When the door opened again, Dietrich jumped up. “All right,” he said.
“Still sleeping,” said the old man.
“Look,” snapped Dietrich, “we had a one o’clock appointment.”
The old man sighed.
“One o’clock,” repeated Dietrich.
“You would ask me to wake the Reichsmarschall?”
Dietrich fell silent.
“I didn’t think so,” said the old man.
At this, Dietrich lost his temper. “You thought
wrong,
” he snapped. “I am a Stürmbannführer of the SS and I didn’t get to be one by waiting around in hotels. Now wake him up and tell him Thomas Dietrich is at his door.”

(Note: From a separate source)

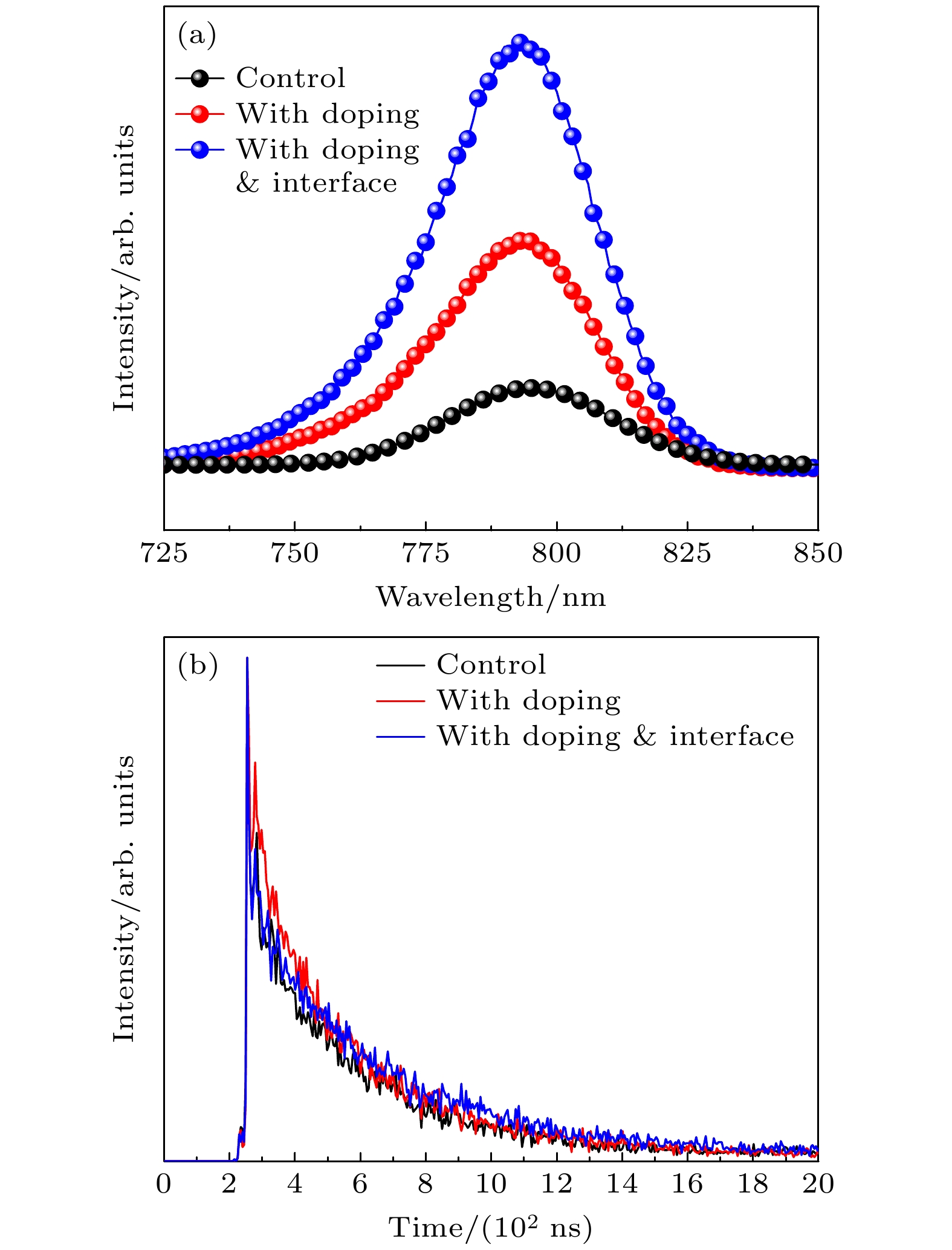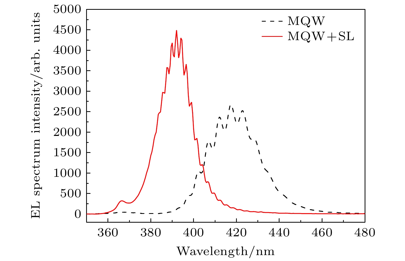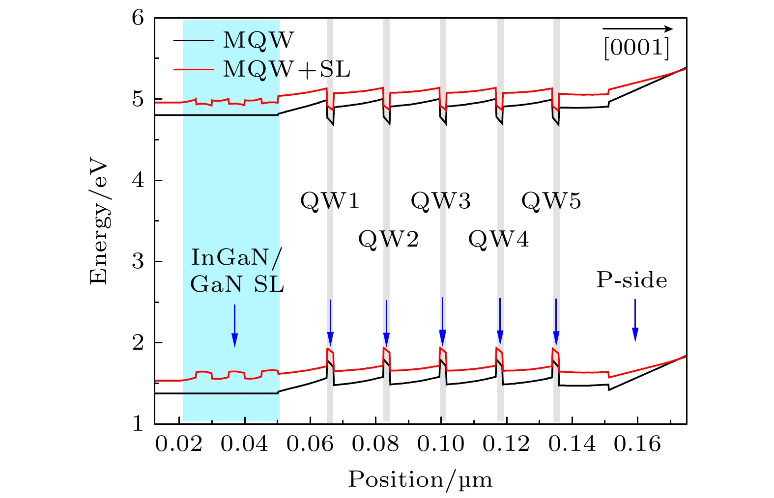 The strong piezoelectric field in InGaN/GaN heterostructure quantum wells severely reduces the light emission efficiency of multiple quantum well (MQW) structures. To address this issue, a strain modulation interlayer is commonly used to mitigate the piezoelectric polarization field and improve the luminescence performance of the devices. To investigate the influence and mechanism of strain modulation in the InGaN/GaN superlattice (SL), epitaxial wafers with an n-type InGaN/GaN SL interlayer sample, and their corresponding control samples are prepared. The measured temperature-dependent photoluminescence (PL) spectra of the epitaxial wafers, show that the introduction of an SL interlayer leads to a shorter-wavelength emission and enhancement of internal quantum efficiency. As the temperature increases, a blue shift of the PL peak is observed. However, for the sample with an SL interlayer, the blue shift of the PL peak with temperature increasing is relatively small. Electroluminescence (EL) experiments indicate that the introduction of an SL interlayer significantly increases the integrated intensity of the EL peak and reduces its full width at half maximum. These phenomena collectively indicate that the incorporation of a superlattice interlayer can partly suppress the quantum-confined Stark effect (QCSE) that affects the light emission efficiency. Theoretical calculations show that the introduction of a superlattice strain layer before growing an active multiple quantum well can weaken the polarization-induced built-in electric field in the active quantum well, reduce the tilt of the energy band in the multiple quantum well active region, increase the overlap of electron and hole wave functions, enhance the emission probability, shorten the radiative recombination lifetime, and promote competition between radiative recombination and non-radiative recombination, thereby achieving higher recombination efficiency and improving light emission intensity. This study provides experimental and theoretical evidence that the strain modulation SL interlayer can effectively improve the device performance and offer guidance for optimizing the structural design of devices.

“At my door,” said a voice. The door swung wide and there stood Hermann Göring. He was smiling the smile of a man with limited patience. He had a broad, severe face. He was a little under six feet tall, and badly overweight. His big barrel gut was hidden under a double-breasted tunic that was gray like the feathers of a dove except for the lapels, which were white. He wore a white shirt with a pointy collar and a blue and gold cross, which I knew was a Blue Max, at his throat. Then, tacked onto his left side, were more medals, another cross and a circular wreath with an eagle in the middle. His trousers had two wide lines running down the seams.
Behind him was a view out to the Tuileries Gardens. In the distance stood the Eiffel Tower. The room was carpeted in pale green and there were several doors leading off into other rooms. In the center of the room behind Göring a table had been set with a white cloth and silver cutlery. A bottle of white wine was chilling in a bucket beside the table.
Dietrich straightened his back in a fast and almost violent gesture, as if an electric current had rushed painfully down the length of his spine. He cracked the heels of his boots together in one precise movement.
“Thomas.” Göring’s voice was deep and slightly drawling. He shook Dietrich’s hand, placing his left hand over their hands when they were shaking. “You are as obnoxious as ever. Can’t I even take a nap?”
“Yes, Herr Reichsmarschall. Of course.”
I waited for Göring to tell Dietrich to call him something else, Hermann or something. But Göring seemed to like calling Dietrich by his first name and being called “Herr Reichsmarschall” in return.